Jul 25 '24 12:07 LatentLinker

@irexyc This is how I feel after using '--vision-max-batch-size' as I would have without it

lmdeploy serve api_server --cache-max-entry-count 0.6 /home/notebook/data/personal/W9088934/InternVL2-26B/  --server-port 23333 --vision-max-batch-size 8


python profile_restful_api_image.py http://127.0.0.1:23333 /home/notebook/data/personal/W9088934/InternVL2-26B  /home/notebook/data/personal/W9088934/datasets/HC3-Chinese/all.jsonl --stream_output true --concurrency 4 --num_prompts 100 --use_image true

--------------------------------------------------
concurrency: 4
elapsed_time: 157.052s

first_token latency(min, max, ave): 1.028s, 4.047s, 1.282s

number of prompt tokens: 1787
number of completion tokens: 9956
token throughput (completion token): 63.393 token/s
token throughput (prompt + completion token): 74.771 token/s
RPS (request per second): 0.637 req/s
RPM (request per minute): 38.204 req/min
--------------------------------------------------

Jul 25 '24 12:07 LatentLinker

For this test script, the --vision-max-batch-size almost takes no effect as each thread will rarely send requests at the same time except for the first request.

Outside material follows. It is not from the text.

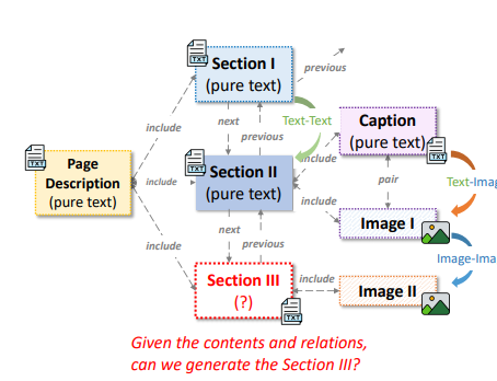 本图展示了一个多模态文档中的复杂结构化关系,其中文档的不同部分(如章节、图像、标题和页面描述)被建模为一个图结构。图中的节点代表文档的不同组成部分,例如“Section I”、“Section II”、“Image”、“Caption”等,而边则表示这些组成部分之间的语义依赖和共引用关系。例如,图像与标题之间存在直接的配对关系,而图像与后续章节内容以及页面总结之间的关系则更为复杂。这种结构化图能够捕捉多模态数据之间的复杂交互,而不仅仅是简单的图像-文本配对。图1的核心目的是说明在多模态学习中,通过建模这种复杂的结构化关系,可以更有效地利用上下文信息来生成或理解文档内容。

BTW, tt's better to use base64 format of image as it can remove the image downloading time. You can refer to this

Jul 26 '24 03:07 irexyc

@irexyc According to your comments I modified the test script and added it using the startup service --log-level INFO

import asyncio
import base64
import csv
import json
import random
import time
# from queue import Queue
from asyncio import Queue
from typing import List, Optional, Tuple

import fire
import numpy as np
from tqdm import tqdm
from transformers import AutoTokenizer

from openai import AsyncOpenAI

with open("example.png", "rb") as f:
    bs64_img = f'data:image/jpeg;base64,{base64.b64encode(f.read()).decode("utf-8")}'


def sample_requests(
        dataset_path: str,
        num_requests: int,
        tokenizer: AutoTokenizer,
) -> List[Tuple[str, int, int]]:
    # Load the dataset.
    dataset = []
    for line in open(dataset_path):
        dataset.append(json.loads(line))

    # Tokenize the prompts and completions.
    prompts = [prompt["question"] for prompt in dataset]
    prompt_token_ids = tokenizer(prompts).input_ids
    completions = [prompt["chatgpt_answers"][0] for prompt in dataset]
    completion_token_ids = tokenizer(completions).input_ids
    tokenized_dataset = []
    for i in range(len(dataset)):
        max_tokens = len(completion_token_ids[i])
        prompt_len = len(prompt_token_ids[i])
        if prompt_len < 4 or max_tokens < 4:
            # Prune too short sequences.
            continue
        if prompt_len > 1024 or prompt_len + max_tokens > 2048:
            # Prune too long sequences.
            continue
        tokenized_dataset.append((prompts[i], prompt_len, max_tokens))
    if len(tokenized_dataset) < num_requests:
        b = num_requests // len(tokenized_dataset)
        tokenized_dataset += tokenized_dataset * b
    sampled_requests = random.sample(tokenized_dataset, num_requests)
    random.shuffle(sampled_requests)
    return sampled_requests


class Engine:

    def __init__(self,
                 server_addr: str,
                 tokenzier_path: str,
                 temperature: float = 0.8,
                 top_p: float = 1.0,
                 csv: str = '',
                 api_key: Optional[str] = None,
                 model_name: Optional[str] = None,
                 use_image: Optional[bool] = False,
                 **kwargs):
        self.tokenizer = AutoTokenizer.from_pretrained(tokenzier_path,
                                                       trust_remote_code=True)
        self.server_addr = server_addr
        self.temperature = temperature
        self.top_p = top_p
        self.csv = csv
        self.api_key = api_key
        self.use_image = use_image
        self.pbar = None
        self.model_name = model_name

    async def set_model_name(self, model_name):
        if model_name is None:
            client = AsyncOpenAI(api_key='YOUR_API_KEY', base_url=self.server_addr)
            models = await client.models.list()
            self.model_name = models.data[0].id
            print(f'using model: {self.model_name}\n')
        else:
            self.model_name = model_name

    async def _inference(self, data: Tuple[str, int, int], res_queue: Queue, session_id: int,
                         stream_output: bool):

        stats = []
        client = AsyncOpenAI(api_key='YOUR_API_KEY', base_url=self.server_addr)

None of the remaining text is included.